Alcaldesa de Canóvanas advierte que gastos por crisis de agua podrían alcanzar los $200,000
Las labores de limpieza en la estación de bombas de Loíza Valley, en Canóvanas, ya concluyeron tras detectarse material con apariencia de aceite y grasa, pero miles de familias continúan sin servicio de agua potable.
La Autoridad de Acueductos y Alcantarillados (AAA) indicó que aún espera la confirmación de laboratorio antes de reactivar la planta de filtros de Canóvanas, por lo que no ha precisado cuándo la instalación volverá a operar.
La alcaldesa de Canóvanas, Lornna Soto, explicó que el municipio aguarda por los resultados de las pruebas realizadas durante la tarde del domingo.
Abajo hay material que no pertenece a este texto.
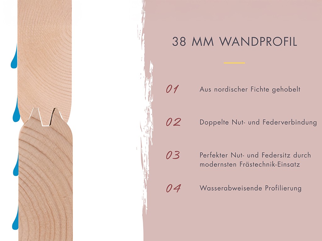 • Bodenrost aus fußwarmem Fichtenholz: für angenehmes Auftreten innerhalb und außerhalb der Sauna.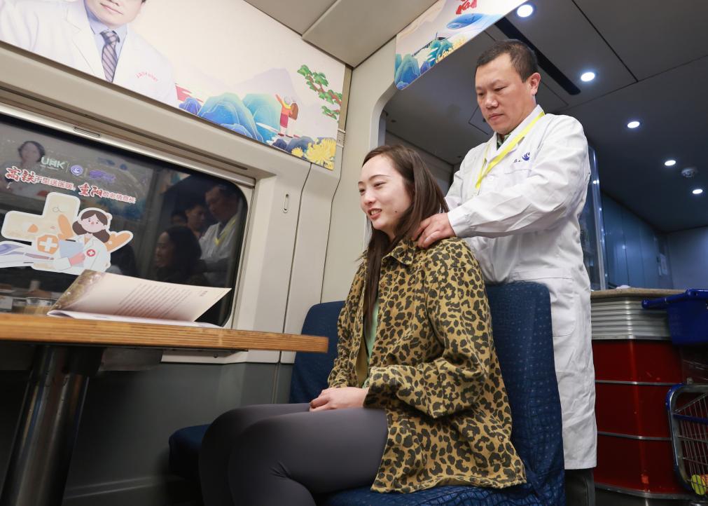 10月19日,在G8388次列车上,医生为旅客进行肩颈推拿。

De ser favorables, se podría proceder con el encendido de las plantas para iniciar el proceso de recuperación del servicio.
Soto señaló que la falta de agua ha convertido la operación municipal en un escenario similar al de un desastre, debido a la cantidad de servicios esenciales ubicados en la zona. Entre ellos mencionó tres hospitales, cinco centros comerciales, farmacéuticas, cerca de 18,000 residencias, 1,643 comercios y 46 lotes industriales.
Ante el aumento en la demanda, incluyendo casos de cisternas vacías o dañadas, el municipio cuenta con 10 camiones de 2,000 galones enviados por la AAA y dos camiones de 6,000 galones. La alcaldesa indicó que esa cantidad podría duplicarse si la emergencia se extiende.
Soto estimó que los gastos podrían superar los $200,000 por refuerzos y reparaciones de infraestructura. Además, confirmó la activación de una orden de emergencia para mantener operativos los servicios críticos mientras se normaliza el suministro de agua potable.